Press Release: The Deeper Shadow of the Doctors’ Strike

[Thursday 7 January 2016]

Doctors for the NHS supports the juniors in anything they do to keep our patients safe and the NHS from being broken apart. DFNHS sees a clear danger in the public not seeing beyond the inevitable inconvenience any strike must bring. The context is vital, and the government will be doing all it can to turn the minds of the public from it.

Doctors for the NHS, which has been campaigning against the privatization of the NHS since the 1970s (then as the NHS Consultants’ Association), sounds a note of caution over the forthcoming strike action, in pointing out salient facts that the government would prefer were glossed over if any action goes ahead.

Dr Eric Watts is Doctors for the NHS’s Chair and a consultant haematologist:

“The NHS has to work to the highest possible standards; everyone is agreed on that. So a career in the NHS means developing doctors’ talents and abilities to the full. This means a career in training which gives them learning experience with adequate http://buytramadolbest.com time for professional growth – a reflective process with senior support and not being exploited. By imposing this contract on the juniors, Hunt threatens that vital need. That is what is at stake. Not some vague, Holy Grail of ’24-hour service’, which this is not about at all.”

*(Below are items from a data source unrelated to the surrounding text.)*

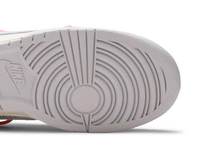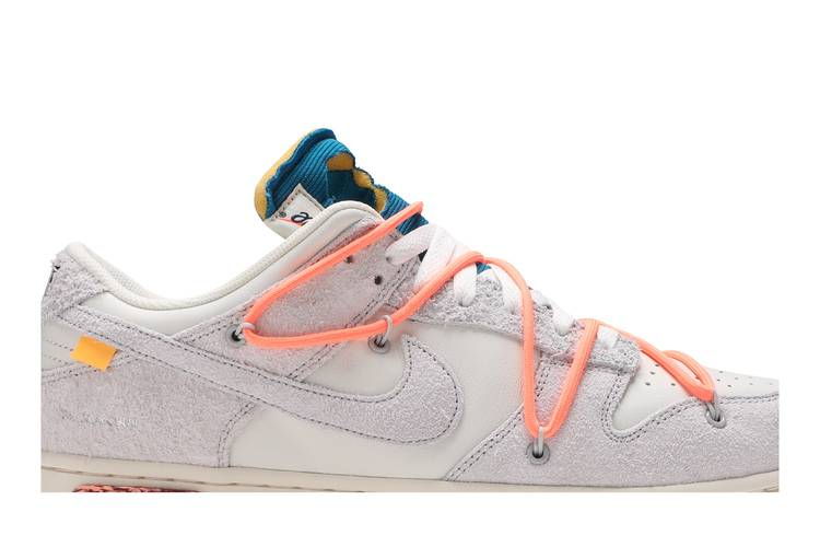 The Nike Dunk Low Off-White Lot 19 is a collaborative sneaker by Off White and Nike released as part of the ‘Dear Summer’ collection. This low-top sneaker features a white leather base with Light Grey suede overlays. Contrasting tones appear on various parts of the upper, including the Orange Pulse bungee-style secondary lacing system, the rectangular tab attached to the Swoosh, the zip tie, and an exposed foam tongue. Other details include Nike branding on the heel, Virgil Abloh's Helvetica text on the medial in Glossy Silver accents, white laces, and unique tongue branding. Rounding out this sneaker’s design is an Off White midsole with a ‘19 of 50’ badge on the lateral heel and a light grey rubber outsole. Limited to fifty pairs, this sneaker is a standout piece in any collection.
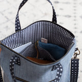 A mid-sized crossbody tote with front zippered pocket, back slip pocket, zip top closure and reinforced base. This will be your go-to bag for everyday use! The handy short handles make for easy grabbing and the crossbody keeps you hands free! This bag is great for traveling and is perfect for keeping organized. You’ll love this tote!
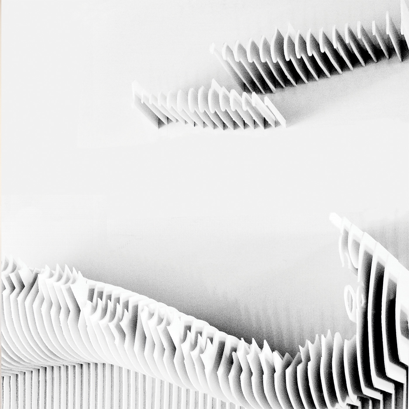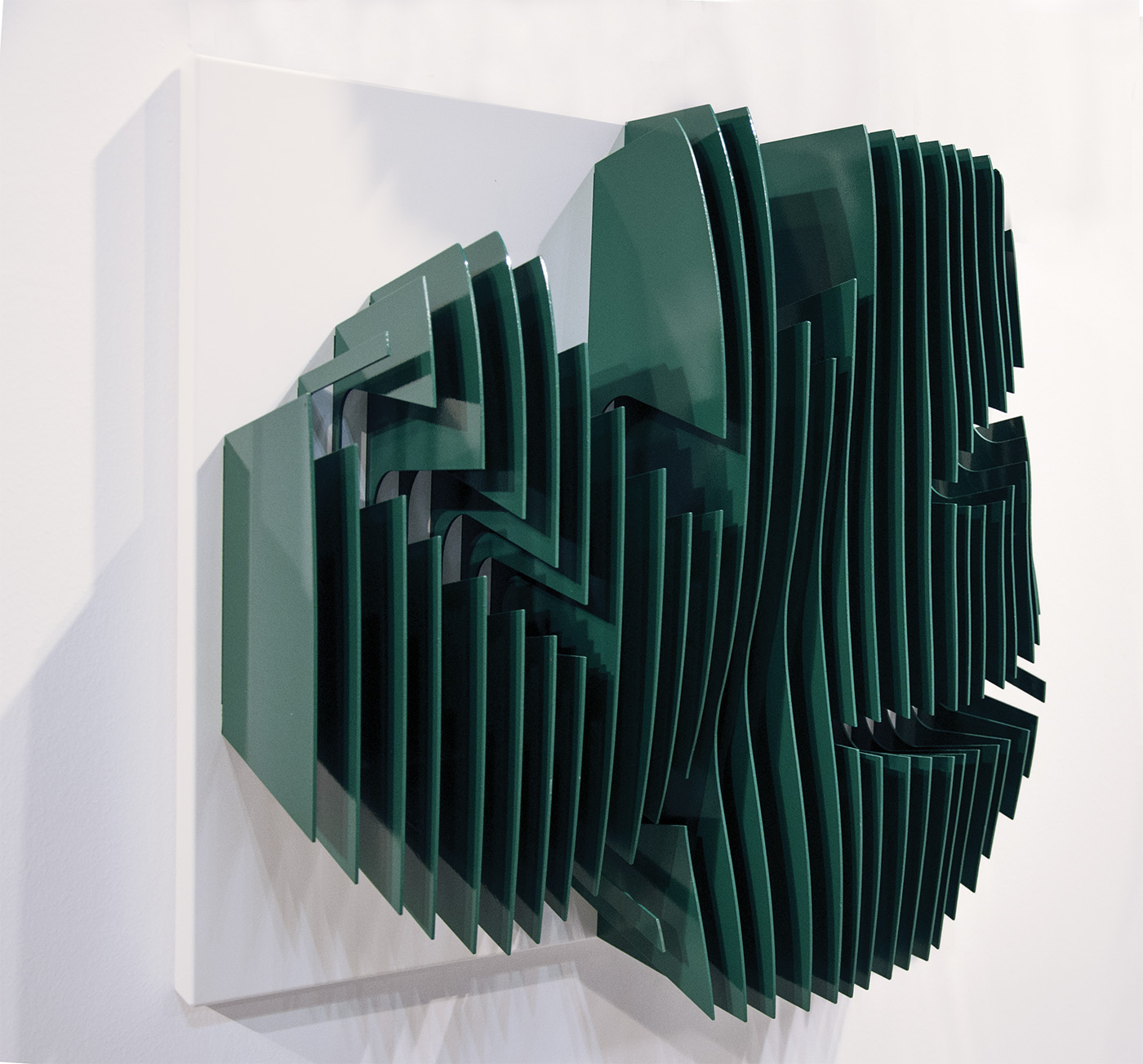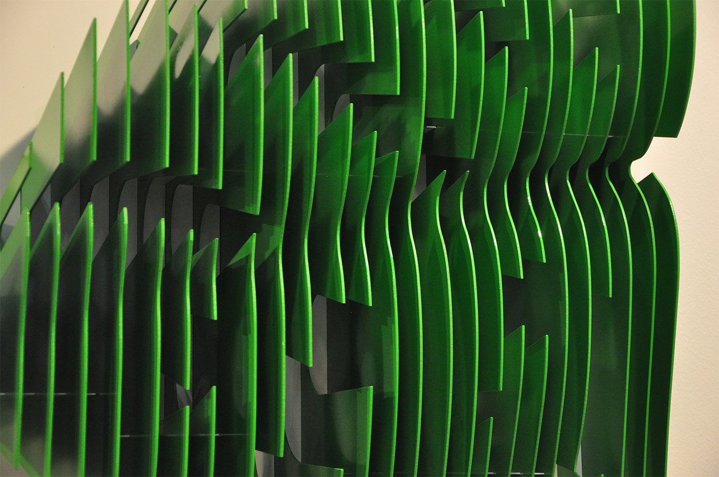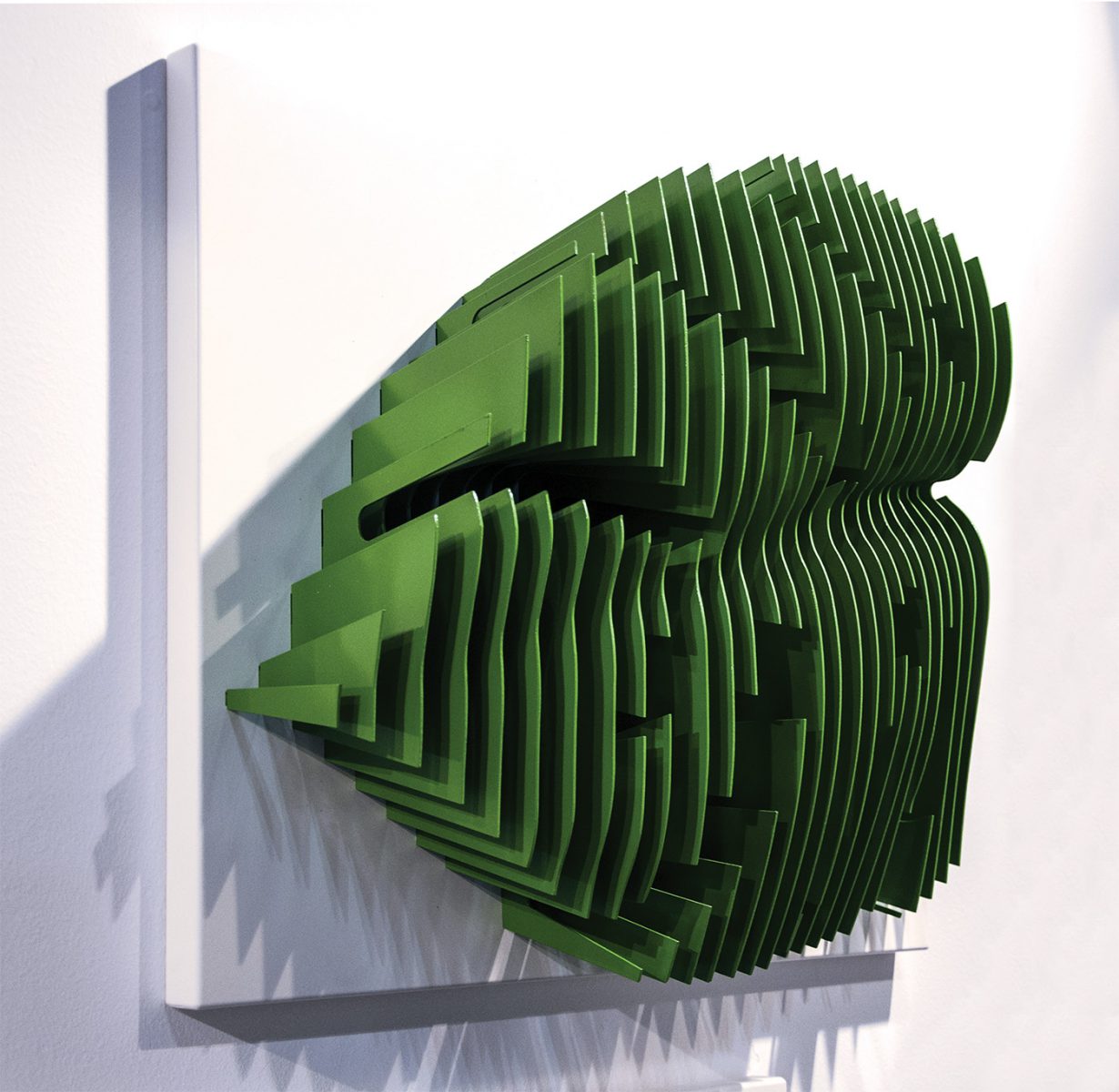 Vengono tagliate a laser una serie di sezioni, fissate al piano di fondo, faranno da appoggio ai libri e che comporranno un elemento tridimensionale che “viene fuori dal muro”, arricchendo la parete di un gioco di colori e di profondità

His views were echoed by Dr Peter Fisher, Doctors for the NHS’s President and a retired consultant:

“We think it is important to remember that the junior doctors, and the consultants supporting them and covering their absence to maintain patient safety, are in a far better position to understand the effects of the proposed contract than someone in Whitehall. That the instigator of the dispute was Hunt, by threatening to impose a new contract which had not been agreed. And that he has never explained how this contract would improve services but appears to be imposing it and provoking a damaging dispute in pursuit of an ill-thought through and undefined manifesto promise of a ‘7 day service’ – which the NHS already provides for emergency cases and always has.”